Am I missing something here, or are corks just expensive? It’s the first time I’ve ever tried buying them for a craft project so I really don’t know what an average price is. The regular wine bottle size corks are pretty cheap, so I didn’t think the somewhat larger ones would be that much higher.


----------



## HauntedWyo (Apr 13, 2017)

Check out this website. It has all sorts of cork stopper/bung sizes and the prices seem to be much more reasonable than what you found on Amazon.









WidgetCo - Buy Corks, Wood Plugs, Cork Underlayment, Stoppers & More


Buy corks and cork products; plus shelf pins, hole plugs, rubber stoppers, wood plugs and more. All kinds of cork sheet products from cork underlayment to cork rolls and cork board squares to cork coasters. All our WidgetCo® brand products are durable, industrial grade and many manufactured from...




www.widgetco.com


----------



## stick (Apr 2, 2009)

Lowe's sells them in the special parts area with screws nuts and bolts. They are in the grey drawer trays.


----------



## Spirits Vineyard (Oct 23, 2016)

HauntedWyo said:


> Check out this website. It has all sorts of cork stopper/bung sizes and the prices seem to be much more reasonable than what you found on Amazon.
> 
> 
> 
> ...


Thank you so much, this site looks like it might just be doable! Still a bit more than what I thought these would cost, but apparently the price goes up the minute you deviate from the standard wine bottle size.

Now I just have to decide if this project is gonna be worth it! I have these great little brown glass bottles that I wanted to turn into potion bottles.


----------



## Spirits Vineyard (Oct 23, 2016)

stick said:


> Lowe's sells them in the special parts area with screws nuts and bolts. They are in the grey drawer trays.


Oh wow, never would’ve thought to look in a hardware store. I’ll have to check them out!


----------



## HauntedWyo (Apr 13, 2017)

Here is this seller on Ebay. Going by the description you needed as far as size wise, the #14 size, or size 14 cork sounds like it should work. This seller has other sizes too in their Ebay store. I didn't check what other cork sizes they have, or how much they are. But the ones on this link are about a buck each and it's free shipping.

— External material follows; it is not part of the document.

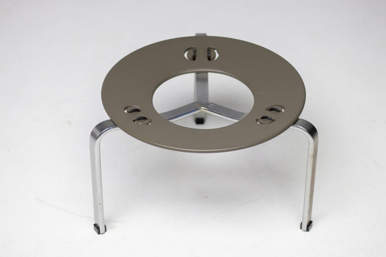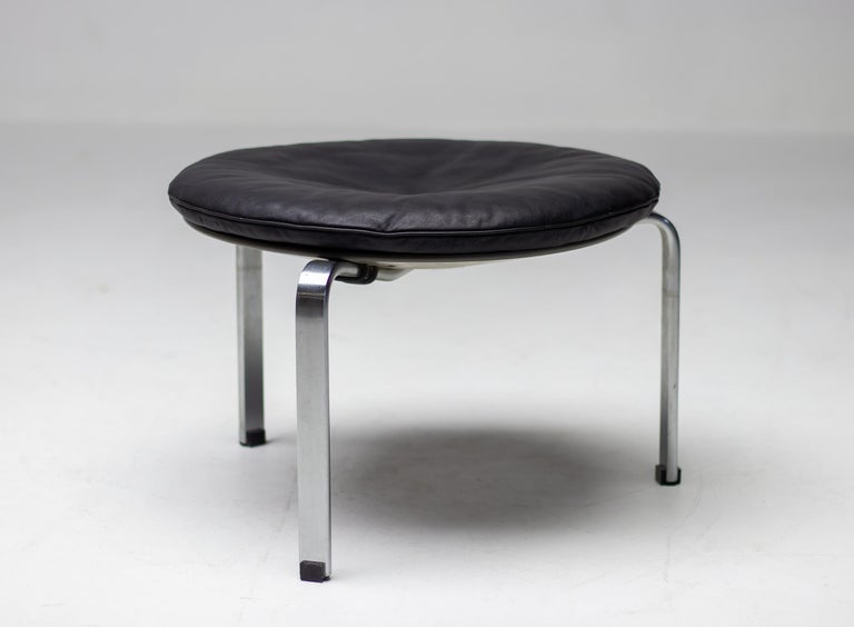 A masterclass in Scandinavian minimalism, the PK33 Stool by Poul Kjærholm exemplifies the Danish designer’s poetic balance between material honesty and sculptural precision. Designed in 1959, this rare early example was produced by E. Kold Christensen, Kjærholm’s original manufacturer and longtime collaborator. The stool’s elegant form is defined by its three-legged brushed steel frame and a circular, hand-stitched seat cushion upholstered in supple black leather. Every element reflects Kjærholm’s refined approach to craftsmanship—where industrial materials meet artisanal execution with effortless grace. The PK33 shares the same structural principles as Kjærholm’s celebrated PK71 and PK80 designs, yet stands apart as a study in pure, functional beauty. Its light, balanced silhouette makes it an ideal piece for both collectors of mid-century Danish design and modern interiors seeking a timeless accent of understated luxury. Designer: Poul Kjærholm Model: PK33 Manufacturer: E. Kold Christensen Year of Design: 1959 Country: Denmark Materials: Brushed steel frame, black leather upholstery Condition: Excellent vintage condition with gentle patina consistent with age and use Produced by E. Kold Christensen, Copenhagen — the original manufacturer of Poul Kjærholm’s early works prior to production transferring to Fritz Hansen. A quintessential example of Kjærholm’s philosophy that “steel’s constructive potential can be just as noble as wood’s”—the PK33 stands as an enduring icon of Nordic modernism.

Cork Stoppers Size #14 Buy lots of 5 or 10 FREE SHIPPING | eBay


These are tapered cork stoppers Size #14 XXX quality. Available in lots of 5 or 10 total cork stoppers.



www.ebay.com


----------



## Spirits Vineyard (Oct 23, 2016)

HauntedWyo said:


> Here is this seller on Ebay. Going by the description you needed as far as size wise, the #14 size, or size 14 cork sounds like it should work. This seller has other sizes too in their Ebay store. I didn't check what other cork sizes they have, or how much they are. But the ones on this link are about a buck each and it's free shipping.
> 
> 
> 
> ...



Thanks! I don’t know why I didn’t check out EBay. It appears the average price is gonna be around $1 a piece, which is definitely much better than $5-10 on Amazon!


----------



## a_granger (Oct 21, 2012)

If you have an Ace hardware store they will have a sellection of cork stoppers in their Hillman products area. The small bins of all kinds of nuts, bolts, and such. I go there all the time.?


----------



## Spirits Vineyard (Oct 23, 2016)

a_granger said:


> If you have an Ace hardware store they will have a sellection of cork stoppers in their Hillman products area. The small bins of all kinds of nuts, bolts, and such. I go there all the time.?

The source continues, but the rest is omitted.